- _EXERCISE_
Restate word for word the entries below, starting at the line with "Paní učitelky a" and ending at the line with "ロートの口径が広いので、パウ". Keep both end lines and omit the pictures.

--- TASK INPUT Enclosed Below ---

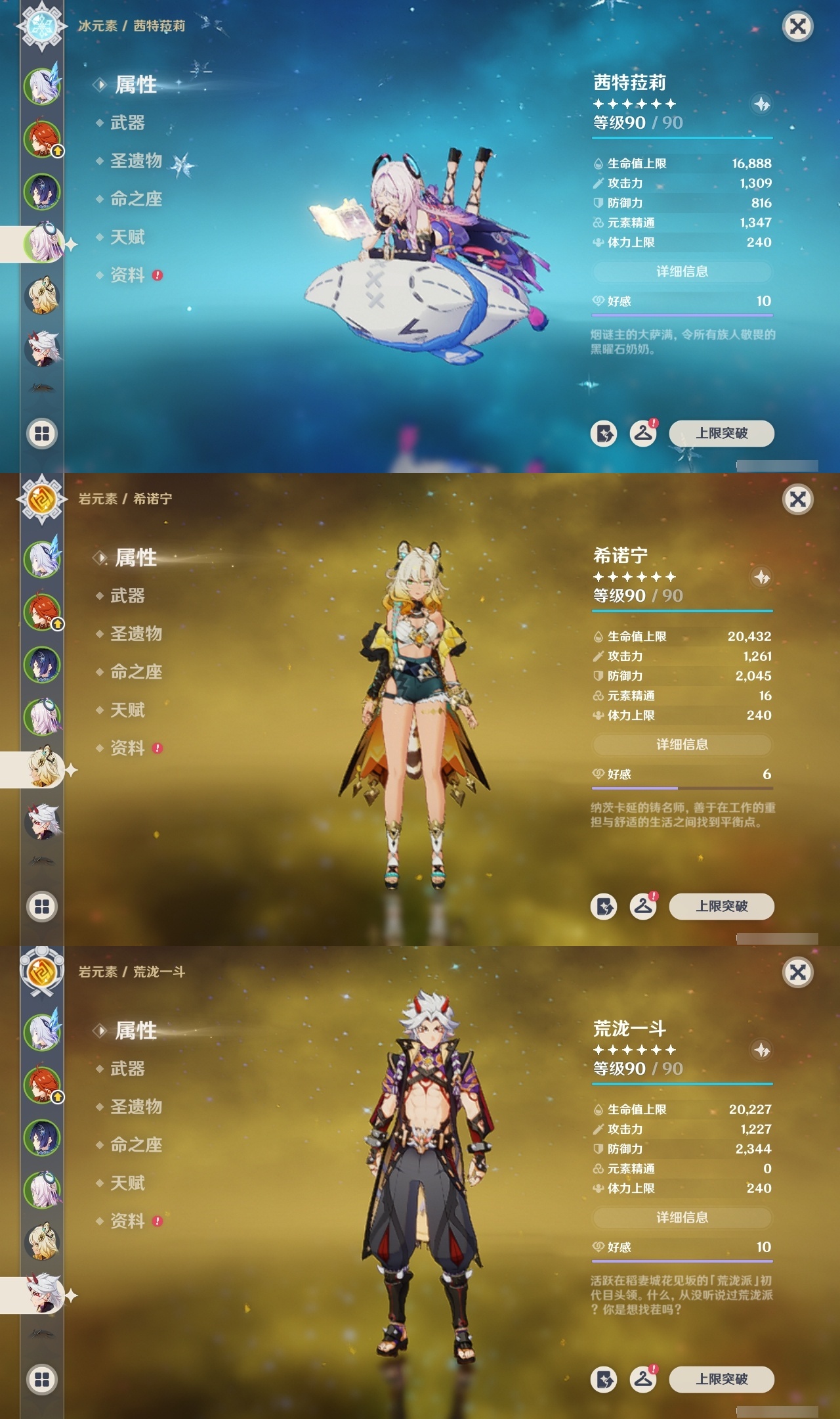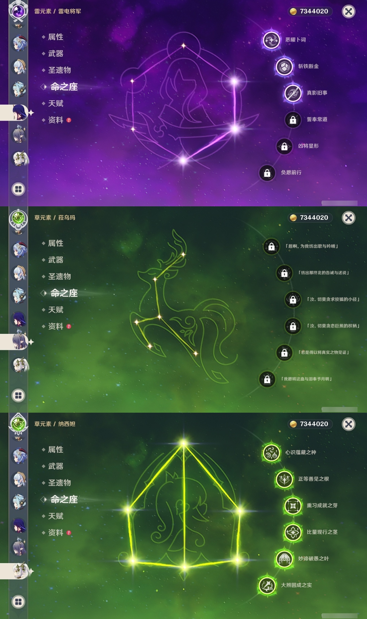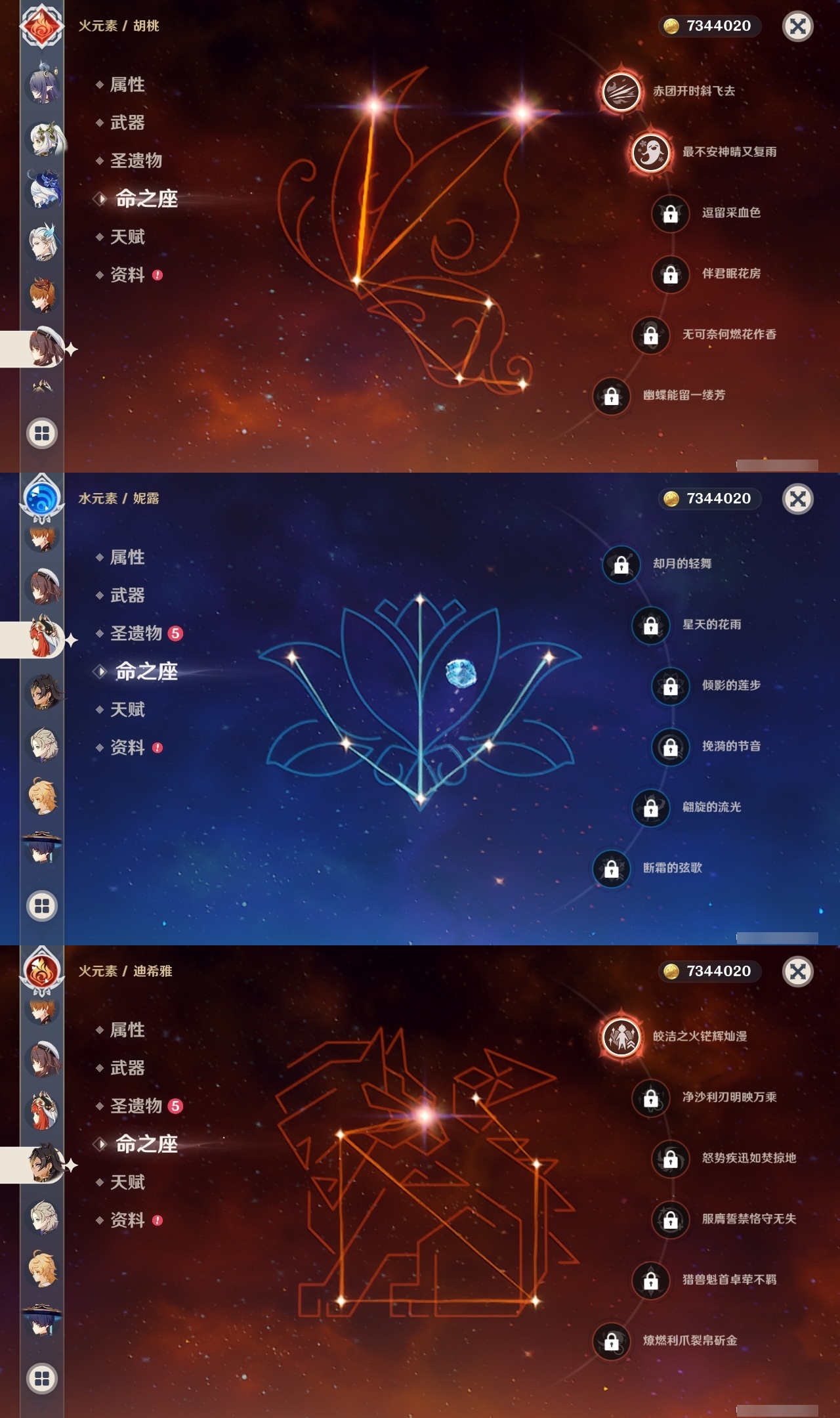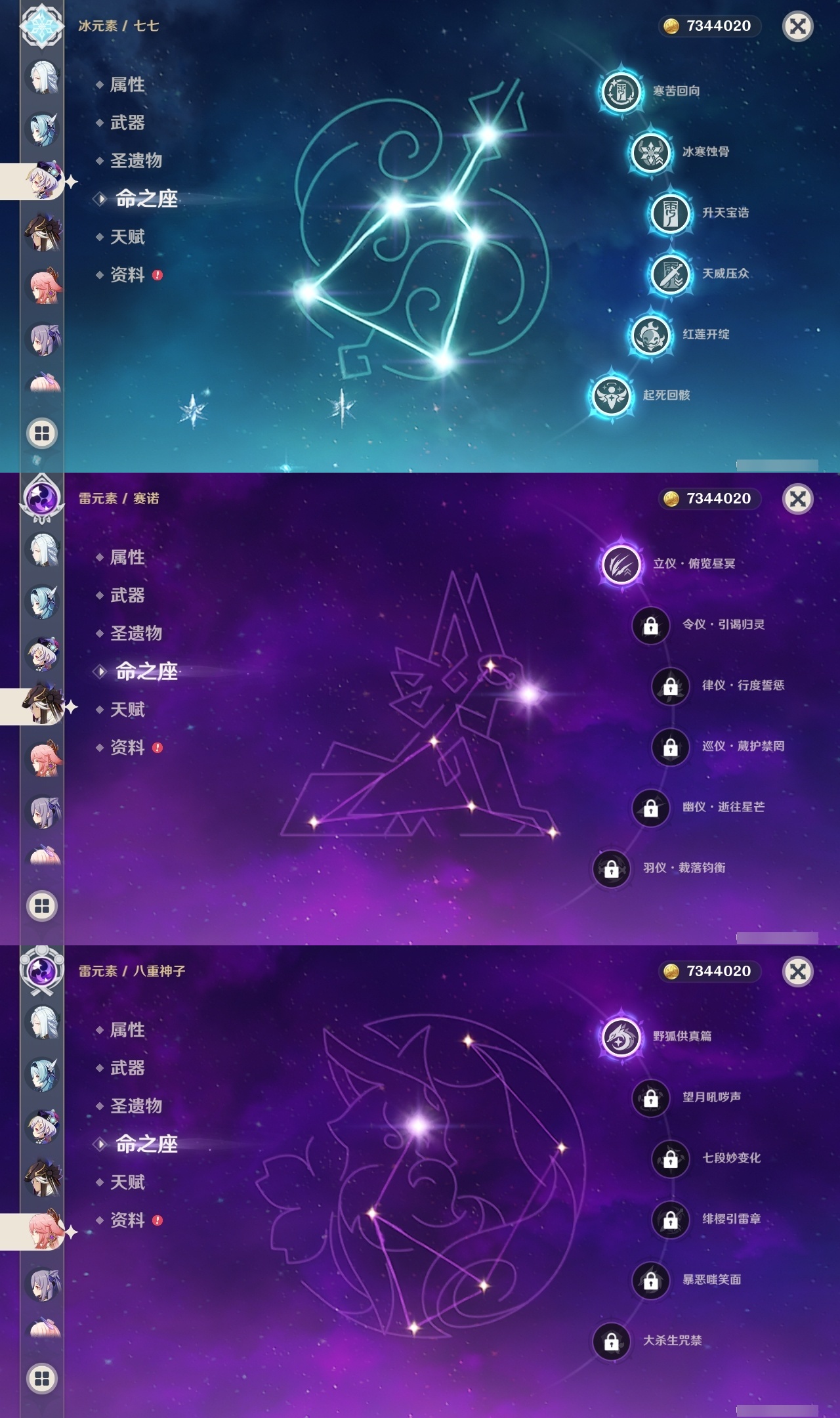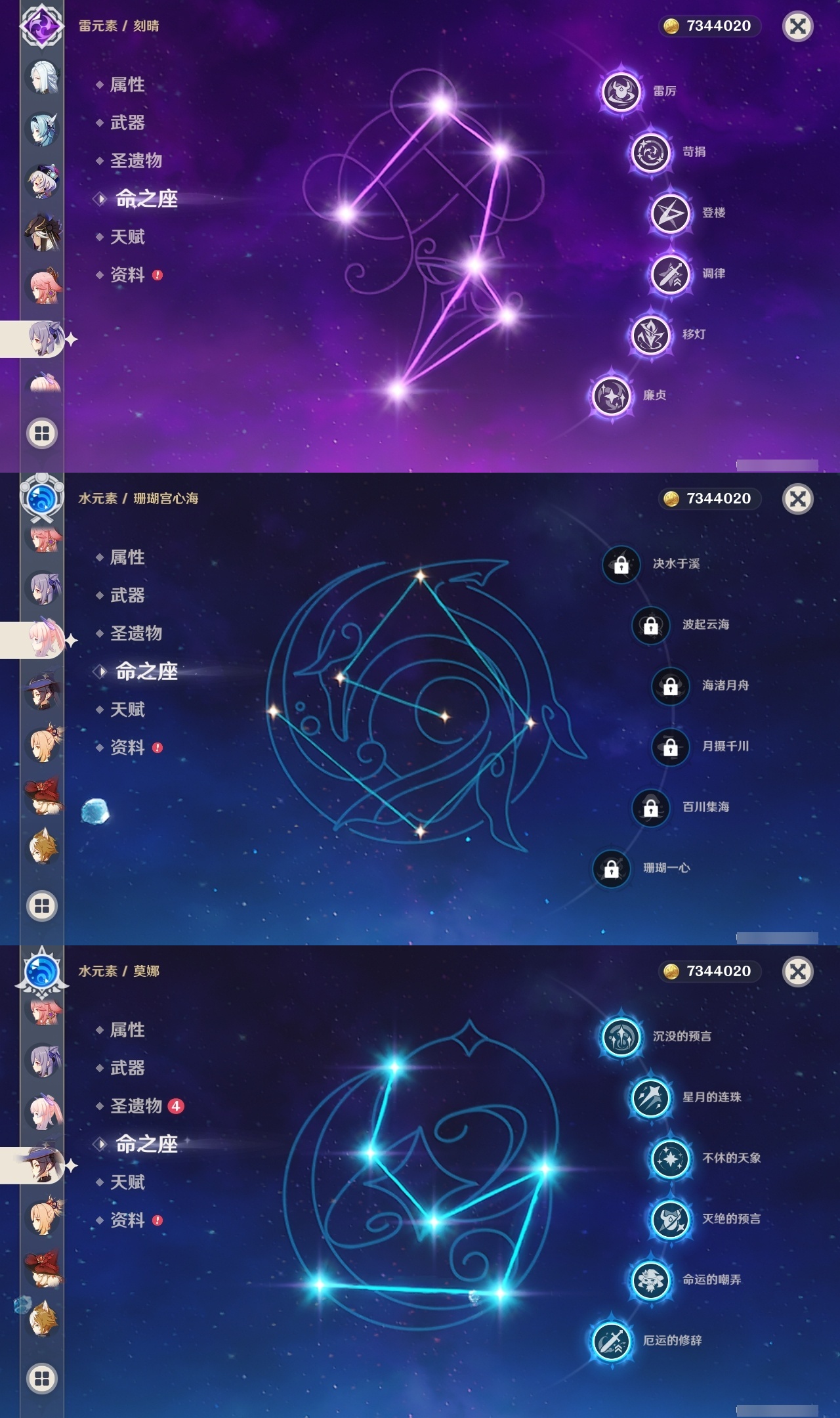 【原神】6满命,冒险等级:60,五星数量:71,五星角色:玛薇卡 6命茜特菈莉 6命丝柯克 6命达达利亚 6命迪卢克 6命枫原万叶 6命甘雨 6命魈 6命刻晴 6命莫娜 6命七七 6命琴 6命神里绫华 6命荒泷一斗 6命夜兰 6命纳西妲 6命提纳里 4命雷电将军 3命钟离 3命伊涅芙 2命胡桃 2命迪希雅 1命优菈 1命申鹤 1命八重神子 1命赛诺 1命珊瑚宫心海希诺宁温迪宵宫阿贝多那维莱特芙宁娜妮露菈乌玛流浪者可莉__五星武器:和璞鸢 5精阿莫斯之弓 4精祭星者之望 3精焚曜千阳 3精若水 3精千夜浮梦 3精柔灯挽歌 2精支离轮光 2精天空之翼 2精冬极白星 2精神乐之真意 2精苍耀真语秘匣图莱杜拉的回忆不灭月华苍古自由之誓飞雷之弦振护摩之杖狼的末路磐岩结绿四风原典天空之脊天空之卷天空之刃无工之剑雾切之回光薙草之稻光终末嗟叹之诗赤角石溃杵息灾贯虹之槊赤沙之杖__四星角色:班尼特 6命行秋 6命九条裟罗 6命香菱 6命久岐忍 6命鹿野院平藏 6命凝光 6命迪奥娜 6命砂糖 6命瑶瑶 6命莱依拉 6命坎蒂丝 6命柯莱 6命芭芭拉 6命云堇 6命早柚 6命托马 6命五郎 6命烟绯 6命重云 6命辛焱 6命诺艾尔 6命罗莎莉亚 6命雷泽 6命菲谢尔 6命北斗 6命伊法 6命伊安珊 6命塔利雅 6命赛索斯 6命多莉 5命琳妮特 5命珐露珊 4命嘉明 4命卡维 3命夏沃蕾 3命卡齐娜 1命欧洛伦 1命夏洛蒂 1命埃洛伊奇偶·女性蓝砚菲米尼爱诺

--- End of Enclosed TASK INPUT ---
--- TASK INPUT Enclosed Below ---

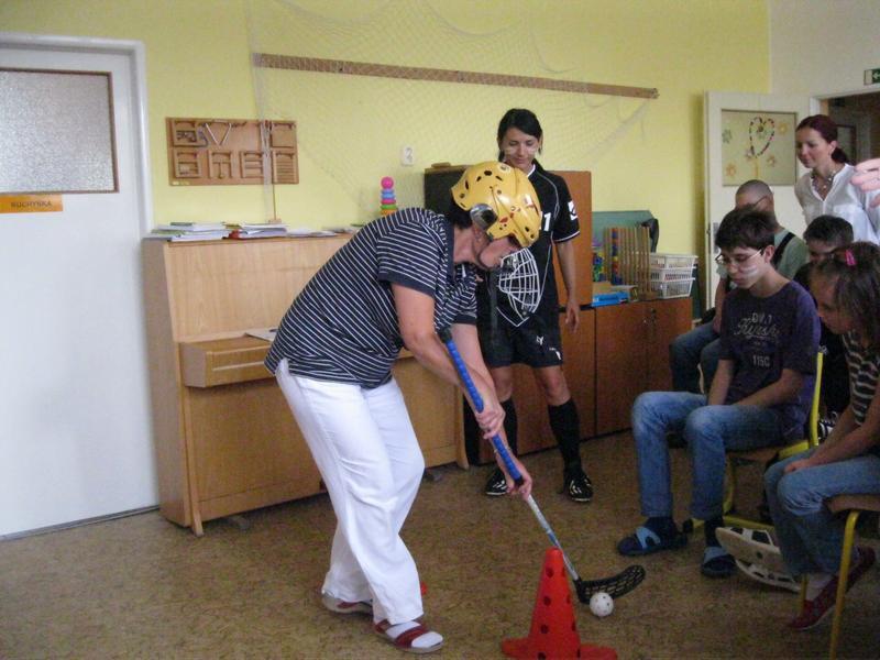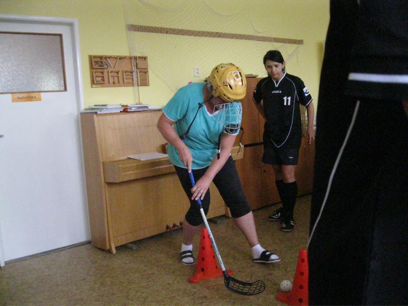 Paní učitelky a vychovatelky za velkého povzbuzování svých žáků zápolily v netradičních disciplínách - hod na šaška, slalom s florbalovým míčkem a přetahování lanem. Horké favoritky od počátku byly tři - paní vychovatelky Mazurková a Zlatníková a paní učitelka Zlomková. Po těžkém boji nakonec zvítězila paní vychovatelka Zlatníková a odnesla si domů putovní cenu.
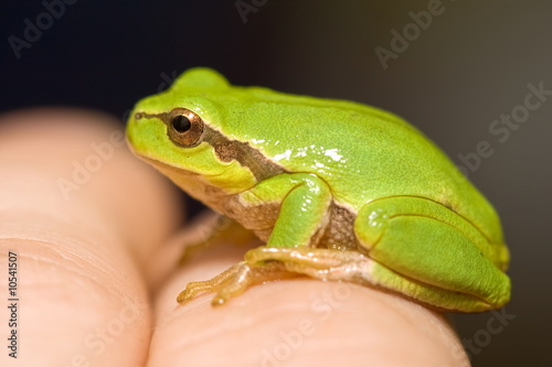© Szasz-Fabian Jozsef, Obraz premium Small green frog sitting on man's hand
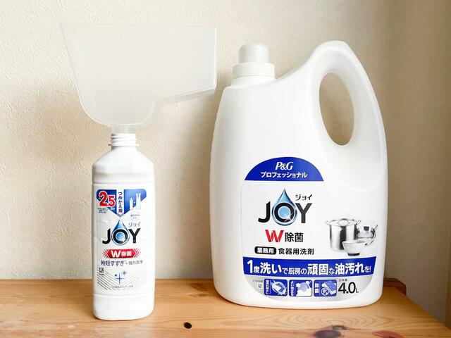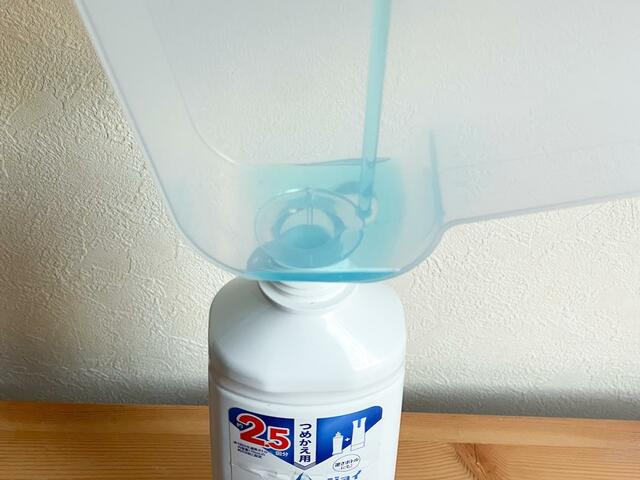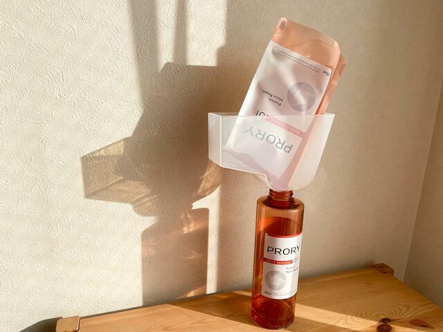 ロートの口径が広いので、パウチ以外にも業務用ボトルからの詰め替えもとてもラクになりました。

--- End of Enclosed TASK INPUT ---
--- TASK INPUT Enclosed Below ---

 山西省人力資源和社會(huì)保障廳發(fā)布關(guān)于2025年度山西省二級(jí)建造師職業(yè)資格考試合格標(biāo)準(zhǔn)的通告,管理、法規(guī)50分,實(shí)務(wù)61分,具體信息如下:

--- End of Enclosed TASK INPUT ---

- _REPLY TO THE TASK_
 Paní učitelky a vychovatelky za velkého povzbuzování svých žáků zápolily v netradičních disciplínách - hod na šaška, slalom s florbalovým míčkem a přetahování lanem. Horké favoritky od počátku byly tři - paní vychovatelky Mazurková a Zlatníková a paní učitelka Zlomková. Po těžkém boji nakonec zvítězila paní vychovatelka Zlatníková a odnesla si domů putovní cenu.
© Szasz-Fabian Jozsef, Obraz premium Small green frog sitting on man's hand
 ロートの口径が広いので、パウチ以外にも業務用ボトルからの詰め替えもとてもラクになりました。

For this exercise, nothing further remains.